Records from a data source

--- START ---

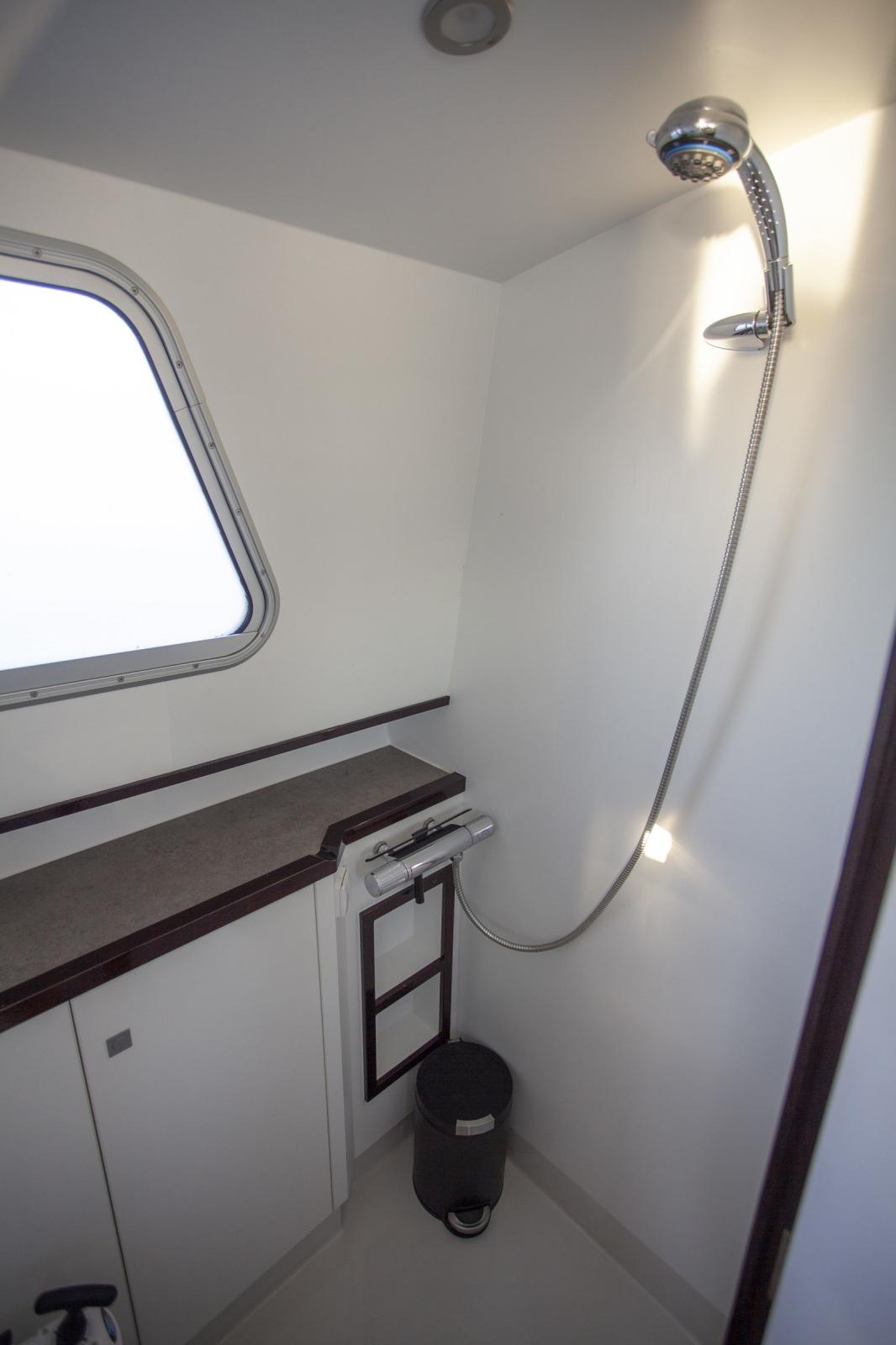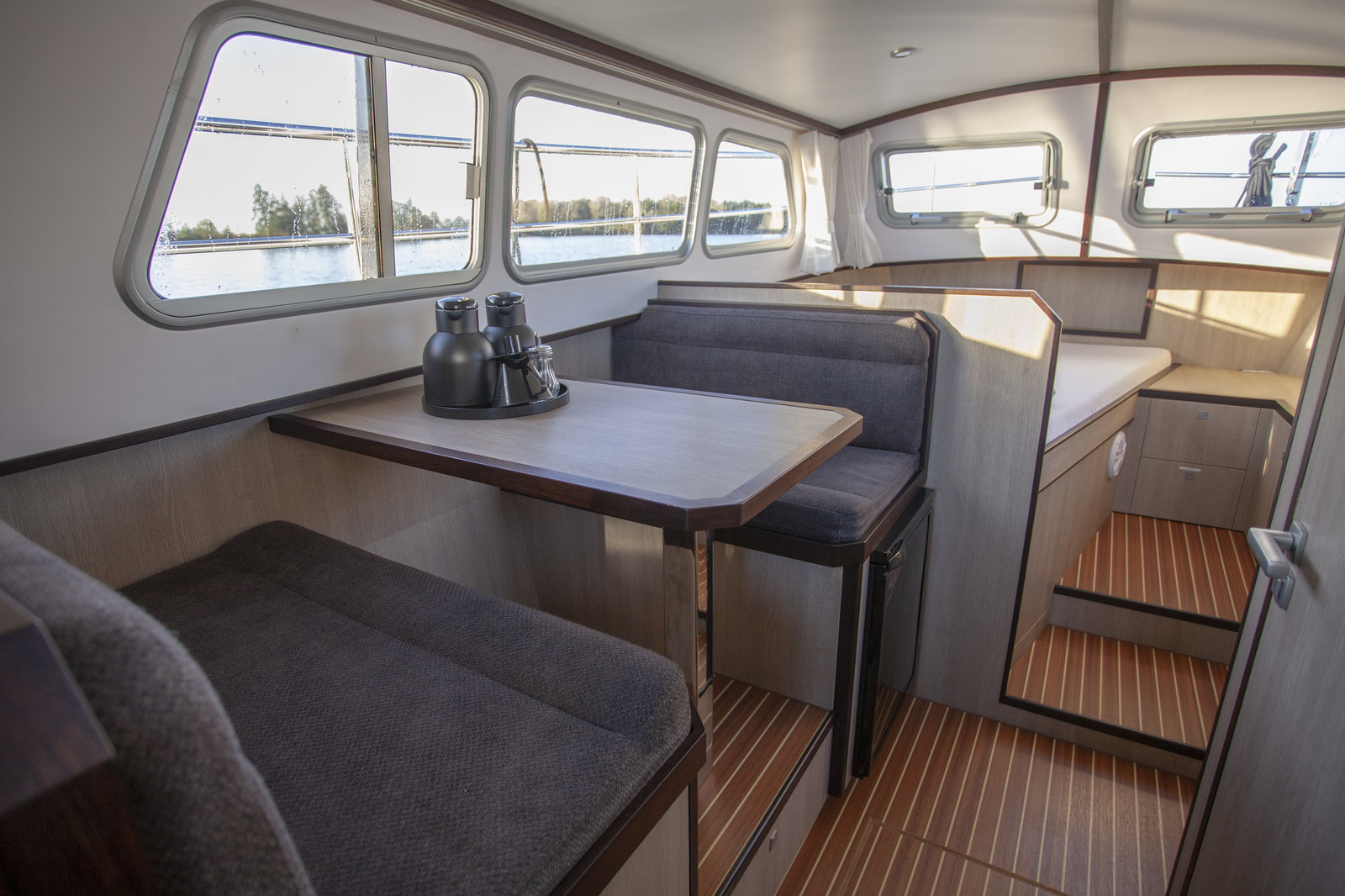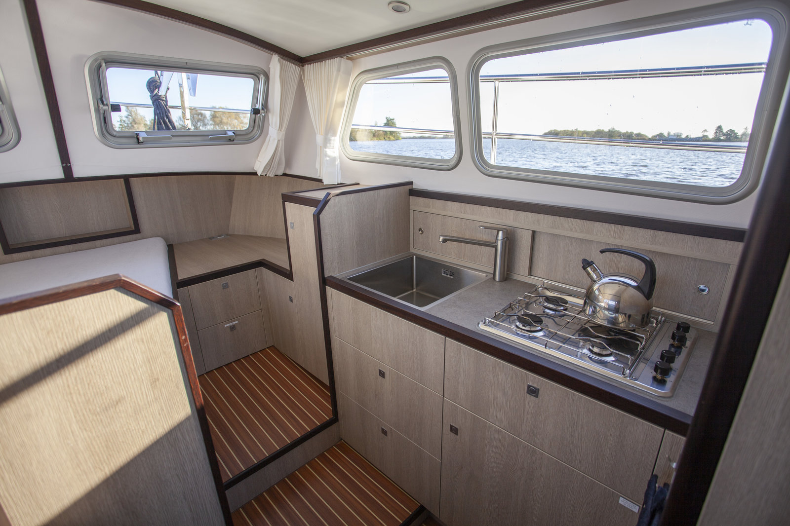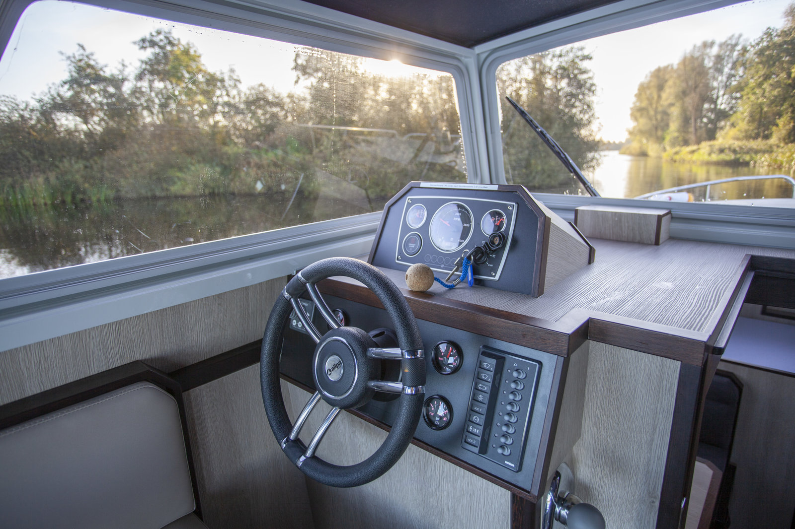 Varen en aanleggen gaat moeiteloos door het compacte ontwerp en de aanwezige boegschroef. De lage doorvaarthoogte maakt veel vaarroutes toegankelijk zonder dat je op brugopeningen hoeft te wachten, waardoor je ook gebieden kunt ontdekken die voor grotere motorboten vaak buiten bereik liggen.
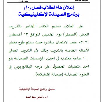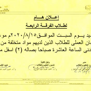 سوف يعقد بمشيئة الله تعالي اجتماع لجنة شئون التعليم والطلاب بكلية الصيدلة يوم الخميس الموافق 13-8-2020م الساعة الثانية…
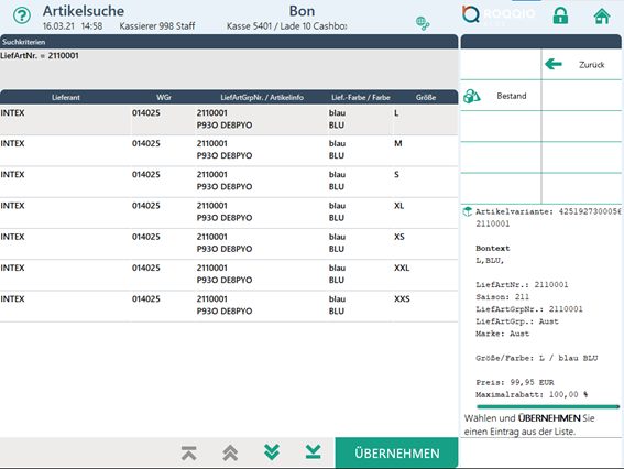 Hinweis: Die Artikelnummer kann nicht direkt im Scanfeld (Feld in dem beim Scannen des Artikels der Artikel erscheint) eingegeben werden
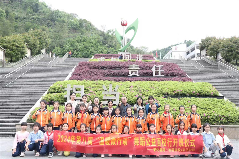 本网讯 4月17日,第八届“温暖微行动”舞蹈公益百校行开班仪式在安化县第一芙蓉学校举行。安化县妇联副主席康彩霞、湖南省舞蹈公益百校行安化区域负责人张程、第一芙蓉学校党支部书记、校长蒋军等参加开班仪式。 张程在开班仪式中讲到,“温暖微行动”舞蹈公益百校行是由湖南省妇联、湖南妇儿基金会等部门联合举办的一项公益活动。该项目通过艺术扶贫、文化扶智等精神层面的帮扶,开拓了农村学生的视野,促进了素质教育的提升。同时,她也希望通过此次公益项目的开展,能让更多爱心人士关注农村学生,让更多孩子享有平等的优质教育资源,为他们未来成长埋下艺术的种子。 据悉,“温暖微行动”舞蹈公益百校行项目已连续举办多年。旨在引导学生们全方位认识、接触、学习体育舞蹈,近距离感受艺术魅力,培养感知美、鉴赏美、创造美的能力,有效促进了农村学生素质教育的提高,引起了社会的一致好评。
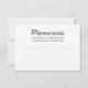 Simples Tipografia das Memórias. Este cartão é um pedido para amigos e familiares partilharem quaisquer memórias maravilhosas de alguém especial.
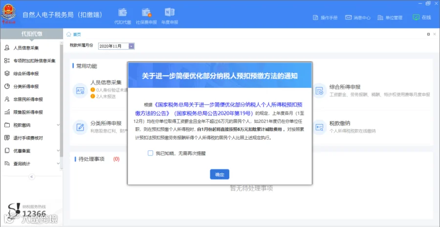 登录扣缴端,首页会自动弹出《国家税务总局关于进一步简便优化部分纳税人个人所得税预扣预缴方法的公告》的政策通知,可点击蓝色字体查看政策解读。
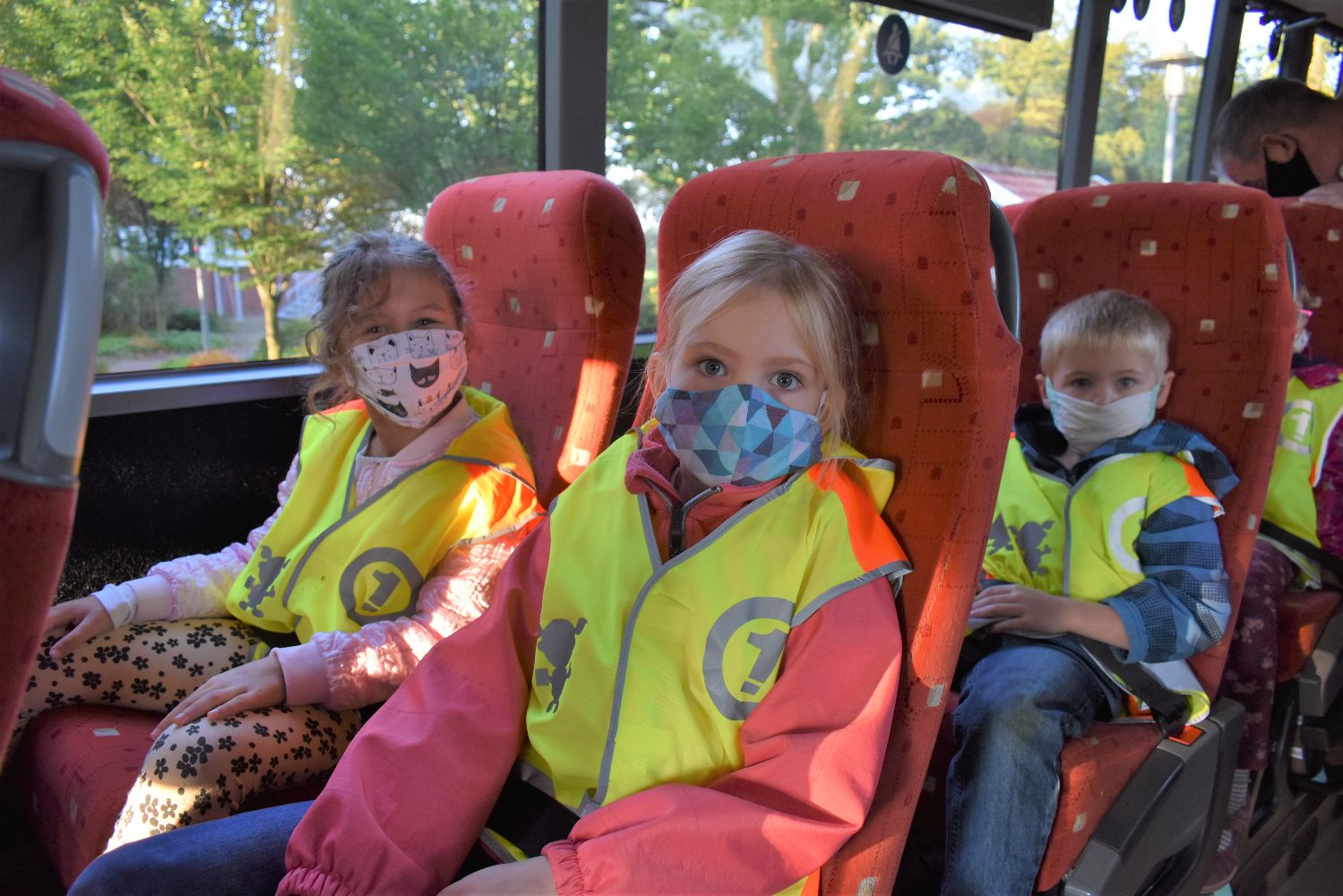 Da bald die dunklere Herbstzeit beginnt, bekamen die Erstklässler an diesem Tag auch die vom Förderverein gesponserten Warnwesten überreicht, die sie erstmals zum Busfahrtraining trugen.
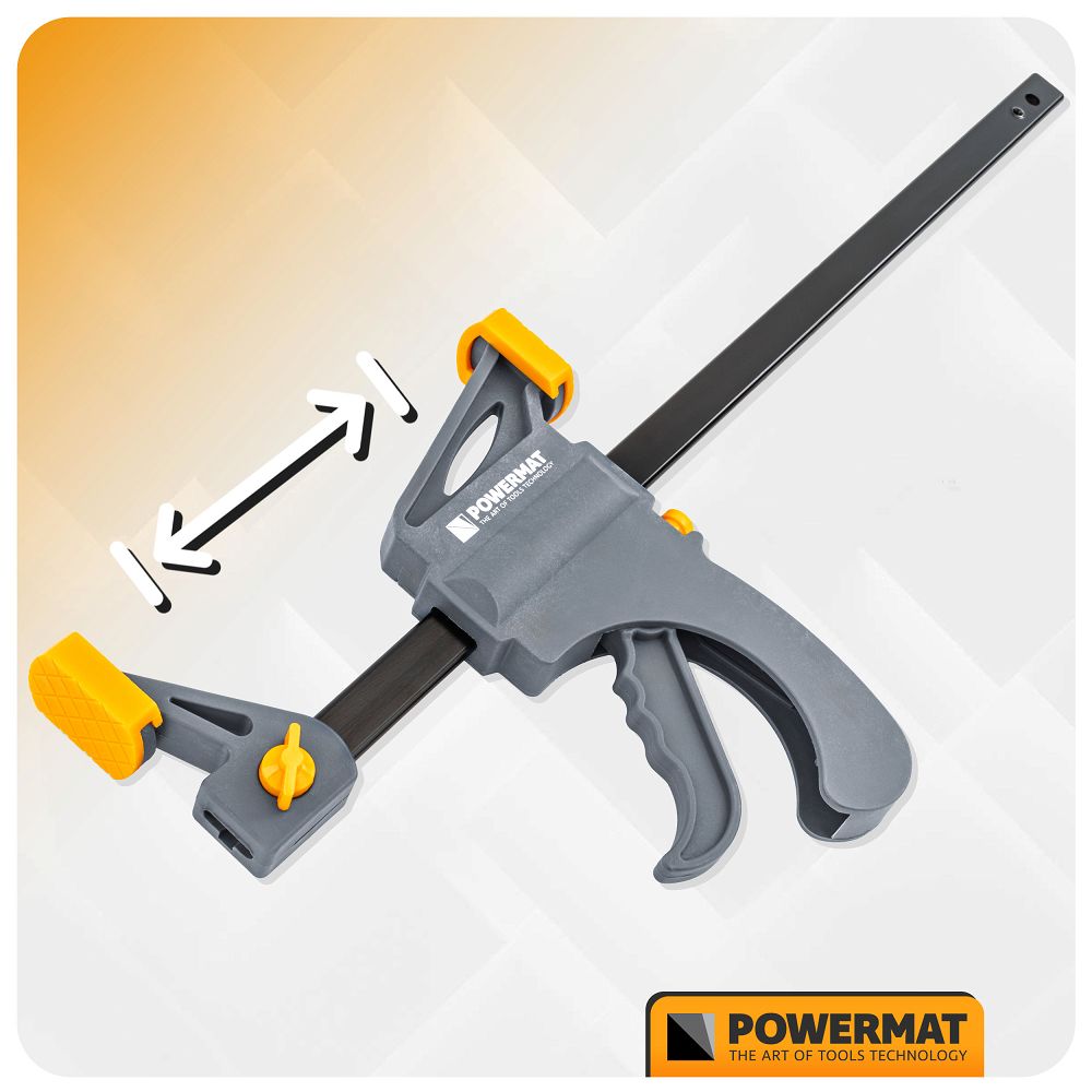 Ugrađeni gumb za brzo otpuštanje omogućuje trenutno podešavanje kraka stezaljke, smanjujući vrijeme pripreme alata. Ovaj mehanizam radi glatko i omogućuje trenutno podešavanje otvora. Visokokvalitetni materijali korišteni u vodilici i mehanizmu jamče izdržljivost i otpornost na intenzivnu upotrebu. Dizajn stezaljke ostaje stabilan čak i pod visokim pritiskom.

--- END ---

EXERCISE GOAL
Print again, word for word, every line from the line with "Da bald die" to the final line of the records, inclusive; skip the pictures.

WRITTEN RESPONSE
 Da bald die dunklere Herbstzeit beginnt, bekamen die Erstklässler an diesem Tag auch die vom Förderverein gesponserten Warnwesten überreicht, die sie erstmals zum Busfahrtraining trugen.
 Ugrađeni gumb za brzo otpuštanje omogućuje trenutno podešavanje kraka stezaljke, smanjujući vrijeme pripreme alata. Ovaj mehanizam radi glatko i omogućuje trenutno podešavanje otvora. Visokokvalitetni materijali korišteni u vodilici i mehanizmu jamče izdržljivost i otpornost na intenzivnu upotrebu. Dizajn stezaljke ostaje stabilan čak i pod visokim pritiskom.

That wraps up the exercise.